TASK REQUIREMENTS
Once the pictures are set aside, transcribe each line of the data exactly.

THE DATA
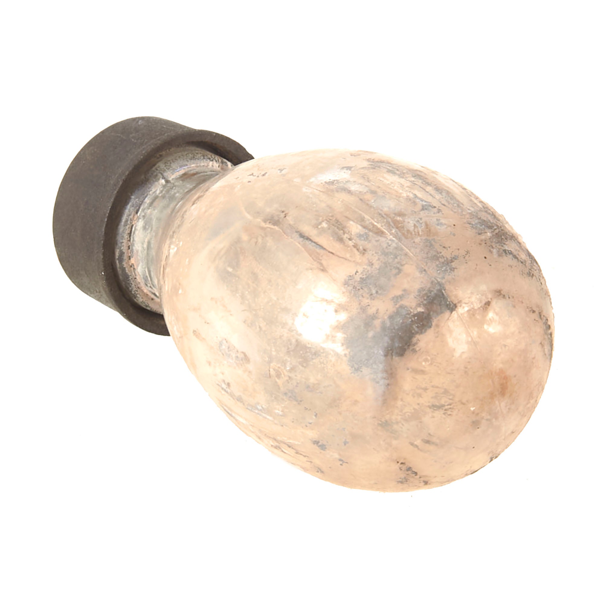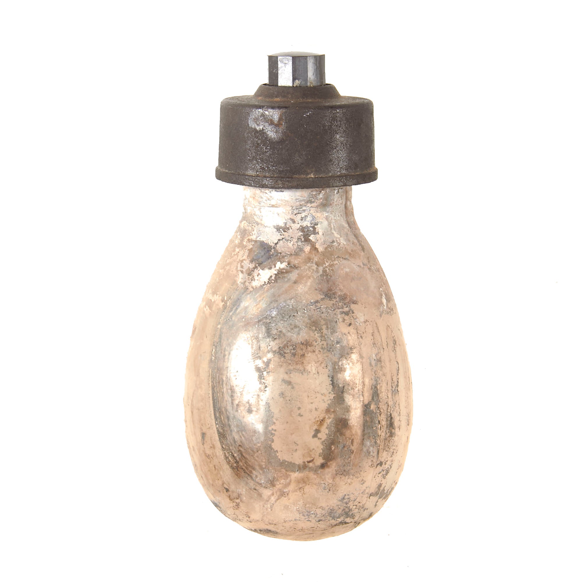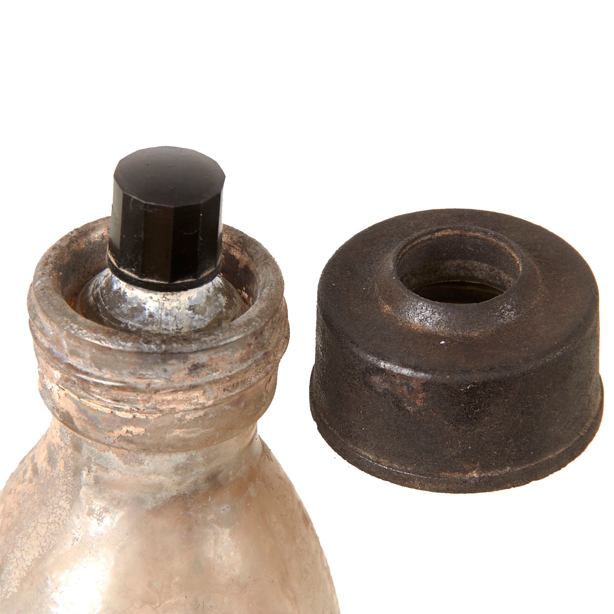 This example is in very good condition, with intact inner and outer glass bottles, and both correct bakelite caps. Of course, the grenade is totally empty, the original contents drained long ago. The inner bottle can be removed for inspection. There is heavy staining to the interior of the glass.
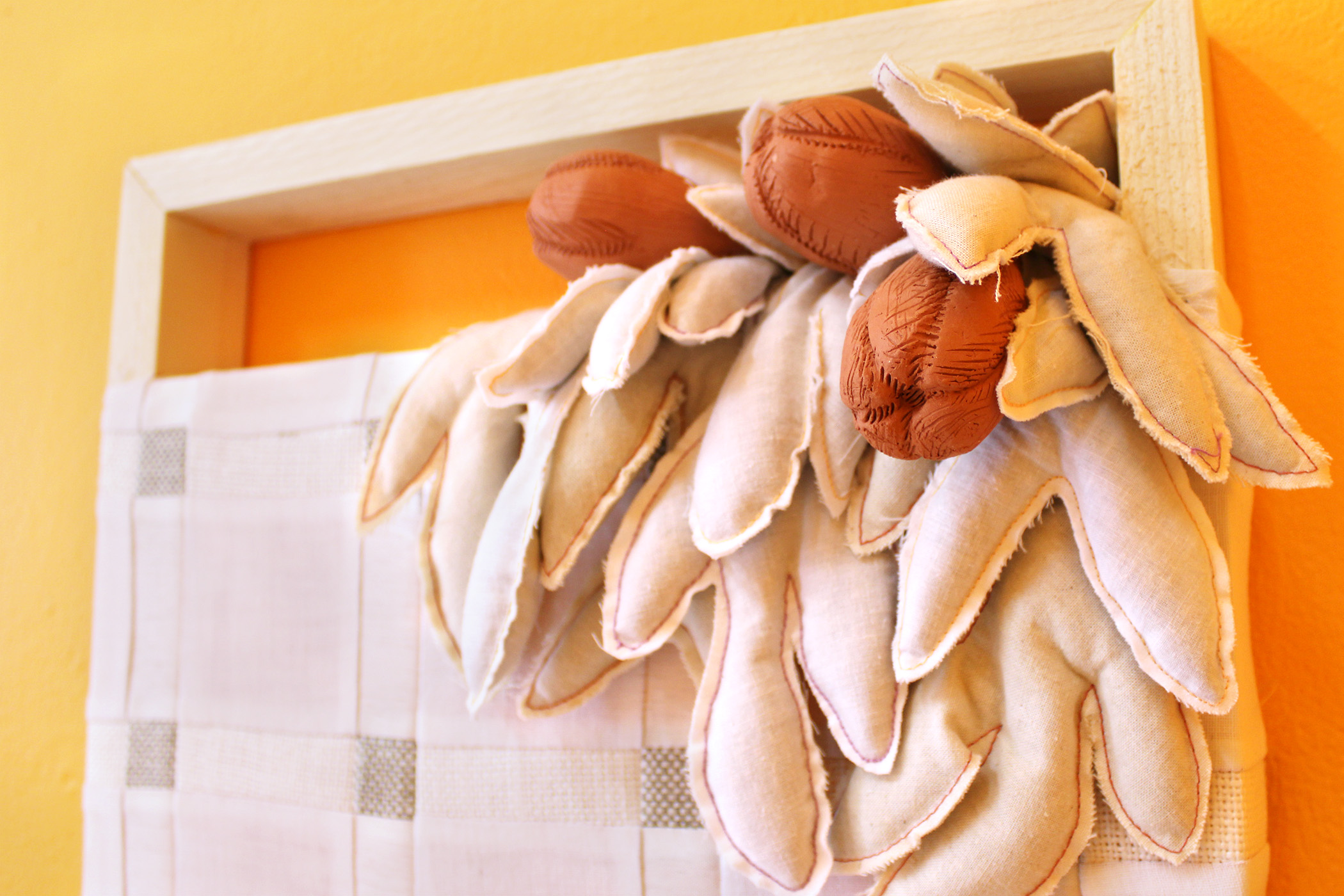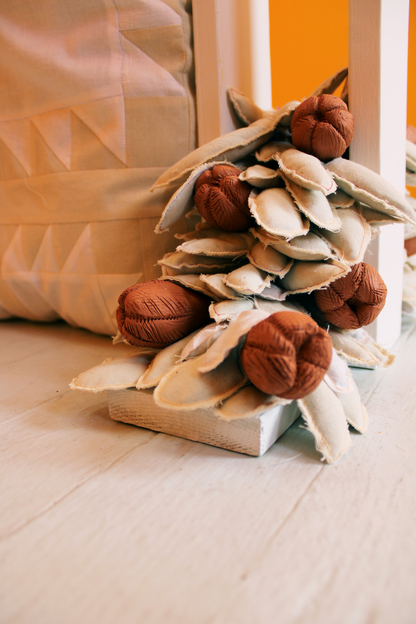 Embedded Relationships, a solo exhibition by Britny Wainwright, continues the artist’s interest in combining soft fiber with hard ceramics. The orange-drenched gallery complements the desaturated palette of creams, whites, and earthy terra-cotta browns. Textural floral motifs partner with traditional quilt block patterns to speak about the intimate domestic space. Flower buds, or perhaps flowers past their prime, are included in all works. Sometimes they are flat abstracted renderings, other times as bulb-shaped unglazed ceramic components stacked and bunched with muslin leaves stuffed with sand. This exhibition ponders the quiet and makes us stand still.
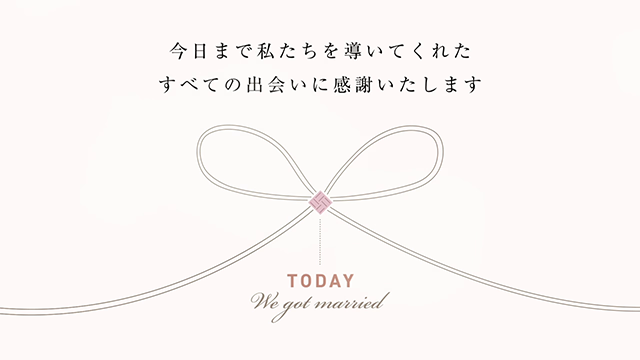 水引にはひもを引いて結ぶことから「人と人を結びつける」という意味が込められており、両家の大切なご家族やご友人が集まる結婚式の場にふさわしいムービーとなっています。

RESULT OF THE TASK
 This example is in very good condition, with intact inner and outer glass bottles, and both correct bakelite caps. Of course, the grenade is totally empty, the original contents drained long ago. The inner bottle can be removed for inspection. There is heavy staining to the interior of the glass.
 Embedded Relationships, a solo exhibition by Britny Wainwright, continues the artist’s interest in combining soft fiber with hard ceramics. The orange-drenched gallery complements the desaturated palette of creams, whites, and earthy terra-cotta browns. Textural floral motifs partner with traditional quilt block patterns to speak about the intimate domestic space. Flower buds, or perhaps flowers past their prime, are included in all works. Sometimes they are flat abstracted renderings, other times as bulb-shaped unglazed ceramic components stacked and bunched with muslin leaves stuffed with sand. This exhibition ponders the quiet and makes us stand still.
 水引にはひもを引いて結ぶことから「人と人を結びつける」という意味が込められており、両家の大切なご家族やご友人が集まる結婚式の場にふさわしいムービーとなっています。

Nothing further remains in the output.